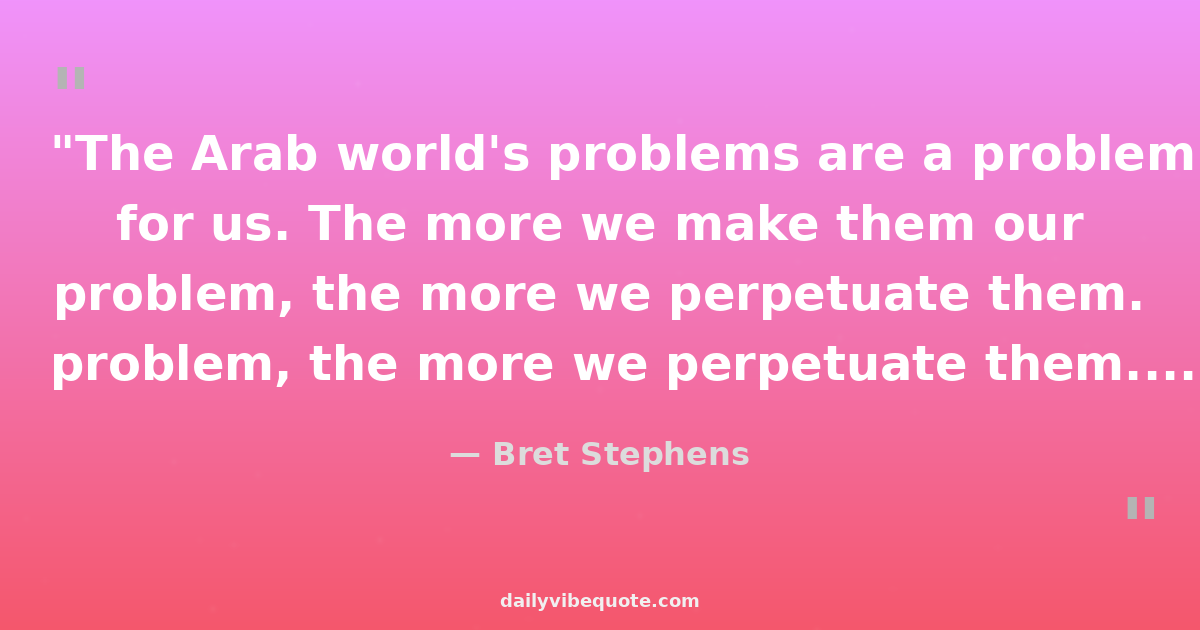 "The Arab world's problems are a problem for us. The more we make them our problem, the more we perpetuate them. The less we make them our problem, the more they become theirs."
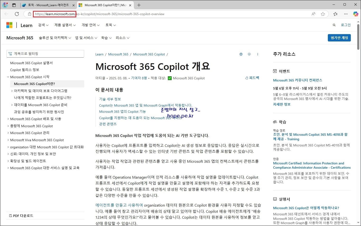 새 창으로 Microsoft Copilot Learn 사이트로 이동됨을 확인할 수 있습니다.
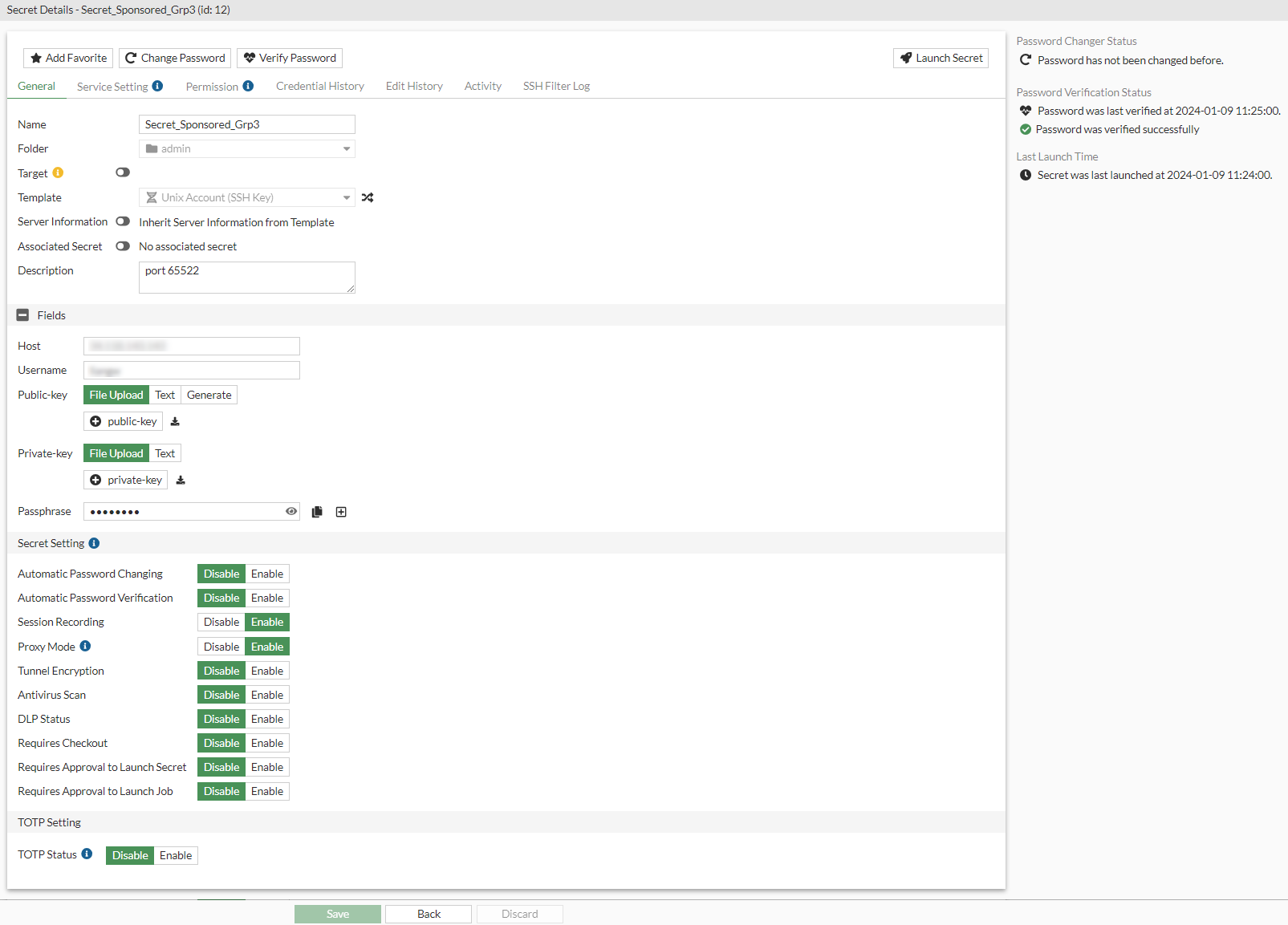 - In Private-key, select File Upload, and then select Upload to locate and upload private key file from the management computer.
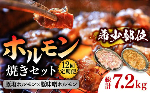 【12回 定期便 】ホルモン 塩焼き・ニンニク味噌焼きセット 総計7.2kg / ほるもん 肉 豚肉 直腸 豚テッポウ 希少部位 国産 / 南島原市 / はなぶさ [SCN139]
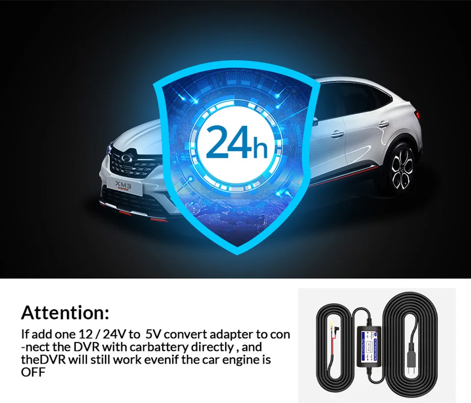 ●About 24h Monitoring: The DVR is only compatible with cars that have a 12V power supply. A 24V power supply will burn the motherboard. If you want to use 24V, please add a 24V to 12V Converter(BL).
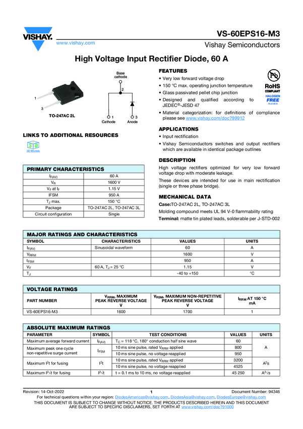 VS-60EPS16-M3 High Voltage Input Rectifier Diode, 60 A
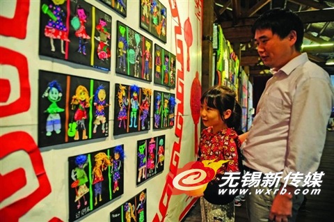 10月1日,“记录孩子的成长”2014年大型少儿艺术展在无锡北仓门艺术中心开展。本次展览由无锡北仓门生活艺术中心、四季童话少儿美术工作室主办。展览以孩子的成长为脉络,结合了作品观赏和活动体验的双重形式,是一次融合了绘画、阅读、摄影等形式的多维度儿童艺术展。(陈大春 摄)
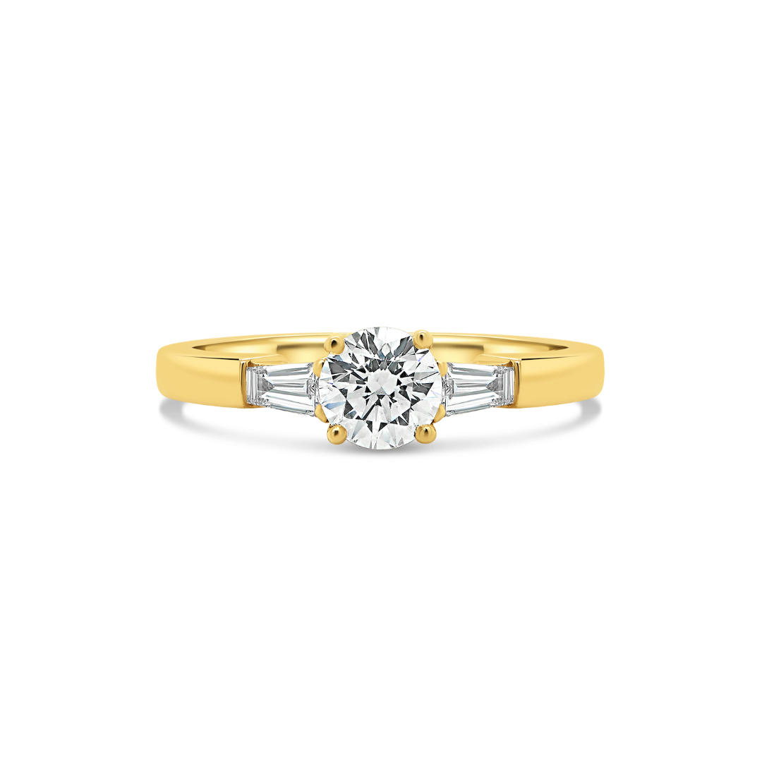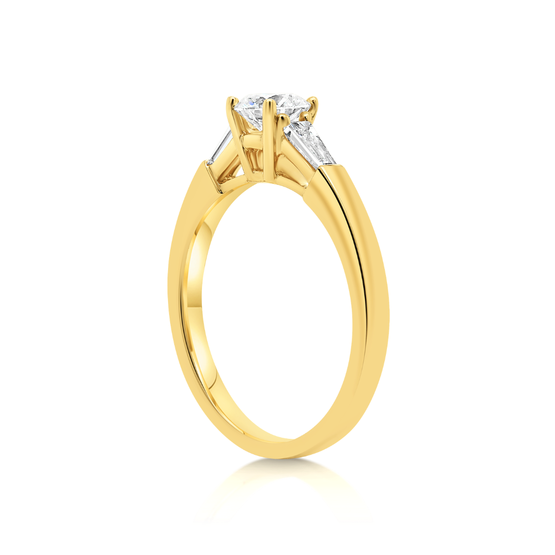 Inel de logodnă din aur galben de 18K, încrustat cu un Diamant Round Brilliant de 0.50ct. certificat la Institutul Gemologic GIA cu numărul 6442683086 și două Diamante laterale Tapers de 0.25ct.
• • •
Problem:
Every line of the data above should be returned exactly, with the pictures removed.

Solution:
 "The Arab world's problems are a problem for us. The more we make them our problem, the more we perpetuate them. The less we make them our problem, the more they become theirs."
 새 창으로 Microsoft Copilot Learn 사이트로 이동됨을 확인할 수 있습니다.
 - In Private-key, select File Upload, and then select Upload to locate and upload private key file from the management computer.
 【12回 定期便 】ホルモン 塩焼き・ニンニク味噌焼きセット 総計7.2kg / ほるもん 肉 豚肉 直腸 豚テッポウ 希少部位 国産 / 南島原市 / はなぶさ [SCN139]
 ●About 24h Monitoring: The DVR is only compatible with cars that have a 12V power supply. A 24V power supply will burn the motherboard. If you want to use 24V, please add a 24V to 12V Converter(BL).
 VS-60EPS16-M3 High Voltage Input Rectifier Diode, 60 A
 10月1日,“记录孩子的成长”2014年大型少儿艺术展在无锡北仓门艺术中心开展。本次展览由无锡北仓门生活艺术中心、四季童话少儿美术工作室主办。展览以孩子的成长为脉络,结合了作品观赏和活动体验的双重形式,是一次融合了绘画、阅读、摄影等形式的多维度儿童艺术展。(陈大春 摄)
 Inel de logodnă din aur galben de 18K, încrustat cu un Diamant Round Brilliant de 0.50ct. certificat la Institutul Gemologic GIA cu numărul 6442683086 și două Diamante laterale Tapers de 0.25ct.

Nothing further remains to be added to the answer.